Я должен поблагодарить всех авторов за спонтанную щедрость, с которой они сотрудничали и предоставили в мое распоряжение свои работы. Я также должен поблагодарить владельцев и редакторов следующих газет и журналов за разрешение перепечатать статьи, появившиеся на их страницах: «Таймс» — за статью мистера Уолкли; «Таймс Литерари Сапплемент» — за статью мистера Миддлтона Марри; «Сатердей Ревю» — за статью мистера Хасси; «Нью Стейтсмен» — за статью мистера Пирсалла Смита; «Сатердей Вестминстер Газетт» — за статью мистера Артура Саймонса; и «Найнтинс Сенчури энд Афтер» — за статью мистера Ральфа Райта.
Ч. К. С. М.
II ПОРТРЕТ
Пытаясь представить личность друга тем, кто его не знает, человек держит в уме, хотя, возможно, и не использует намеренно, некий эталон, с которым его можно сравнить или противопоставить.
В случае с Прустом такого эталона не существует, и за неимением лучшего выражения я вынужден вернуться к часто используемому, но не проясняющему сути слову «уникальный». Эта уникальность заключалась, я думаю, не столько в очевидном обладании выдающимися дарованиями и обаянием, сколько в том, как он ими пользовался. Другие, вероятно, были и есть столь же мудры, остроумны, культурны, отзывчивы, обладали или обладают его даром беседы, его обаянием манер, его любезностью. Но никто из тех, кого я когда-либо знал, не сочетал в себе столько привлекательных качеств и не мог приводить их в действие столь спонтанно.

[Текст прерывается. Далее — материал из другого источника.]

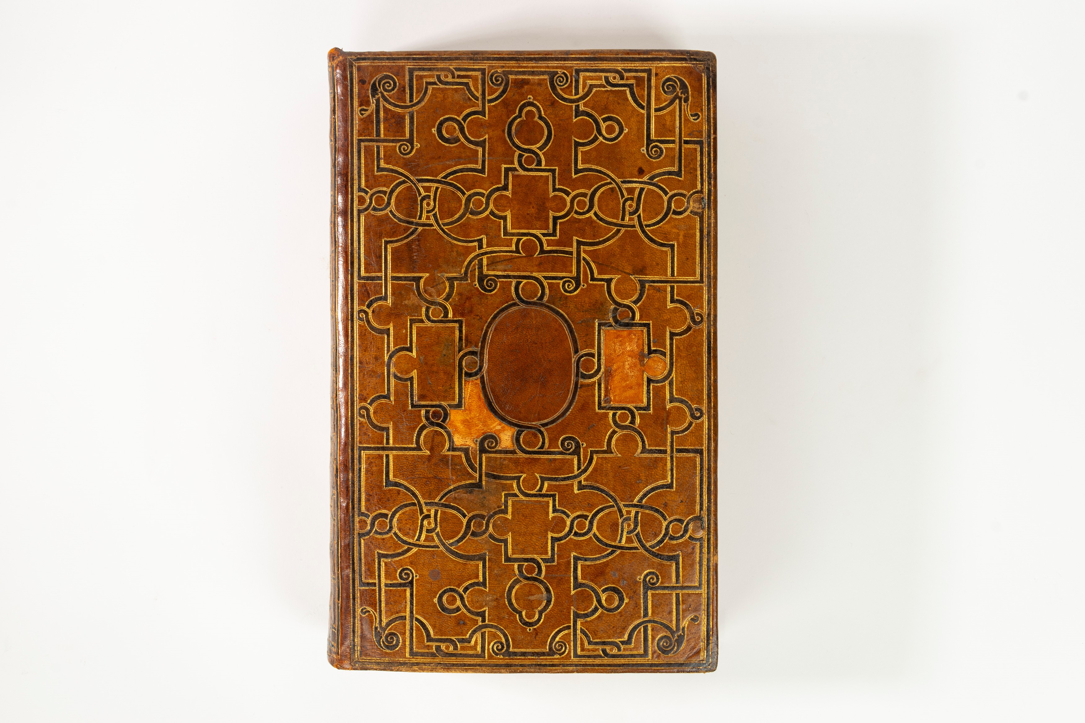 "Queste rilegature corrispondono o a un particolare sviluppo delle rilegature a intreccio del regno di Enrico II, o a un ramo staccato dalle rilegature a ventaglio primitive, realizzate con questa magnifica pelle con polvere d'oro del gruppo III delle rilegature di Mabien: è possibile che il doratore abbia scelto questa decorazione leggera per evitare di uccidere il tono del cuoio, cosa che non avrebbe mancato di fare una doratura più carica". (Les Reliures à la Fanfare. G. D. Hobson 1931).La presente legatura appartiene al piccolo gruppo realizzato intorno al 1565-1570 caratterizzato dall'eleganza e la sobrietà del decoro a ventaglio applicato su una pelle di grande finezza interamente spolverata d'oro, che gli conferisce questa tinta particolarmente calda. La sua struttura la ricollega a uno degli atelier parigini che lavoravano allora per Thomas Mahieu.IL SUO FORMATO, IL SUO STATO DI CONSERVAZIONE, LA SUA ELEGANZA E LA SUA TINTA CALDA GLI CONFERISCONO UN PARTICOLARE SPLENDORE.Bibliografia: Les Reliures à la Fanfare. di G. D. Hobson. Londra 1931.

И все же, хотя использование этих сил приводило к тому, что он извлекал максимум плодов из социального общения, в нем была какая-то неосязаемая объективность, отстраненность, скорее ощущаемая, чем наблюдаемая. Казалось, что личность, раскрывающаяся в данный конкретный момент, была лишь одной из многих, в то время как доминирующее сознание лежало позади них, сохраняя свою полную неприкосновенность. Именно в глубине и емкости этого предельного сознания, я полагаю, заключалась его уникальность, как именно там следует искать источник его творческой силы и чувствительности.
Мне кажется, что существенным элементом этого предельного «я» у Пруста была доброта. Эта доброта не имела в себе ничего этического, ее нельзя путать с праведностью; и все же, ища другое слово для определения ее природы, «чистота» — единственное, что приходит мне на ум. В нем была фундаментальная простота, типизированная Достоевским в образе Мышкина, и из нее выросла интеллектуальная честность, которая управляла его философией и наполняла ее содержанием.
Он обладал тем редчайшим даром — золотить обыкновенных людей, вещи и заботы, придавая им жизненный и непреходящий интерес. Все что угодно служило отправной точкой, ничто не было слишком мелким, чтобы зажечь идею и вызвать глубокомысленное высказывание. Он мог делать это потому, что сам был интереснейшим из людей, и потому, что Жизнь была для него одним длинным захватывающим приключением, в котором ничто не было тривиальным или пренебрежимым. Дело не в том, что, любя красоту, он не желал ничего другого и искал эстетическую маскировку для уродливого, грязного или низкого. Напротив, он признавал, что и это тоже из того материала, из которого сделано человечество, и что истина и красота зачастую скрыты за своими противоположностями. В нем крайности не только примирялись, но и соединялись. Будучи предельно сознательным и совершенно неэгоистичным, можно тщетно искать в его творчестве след тщеславия, самовосхваления или даже самооправдания. Он интенсивно озабочен собственным сознанием, он никогда не озабочен самим собой. Я не могу припомнить ни одного разговора в любой из его книг, в котором он принимал бы иное, кроме второстепенного участия, и очень немногих, в которых он вообще принимал бы участие. Он целиком поглощен вещью в себе, чем бы она ни была, рассматривая свое сознание как инструмент откровения, отдельный от него самого. И каким он показывает себя в своих книгах, таким он был и в жизни.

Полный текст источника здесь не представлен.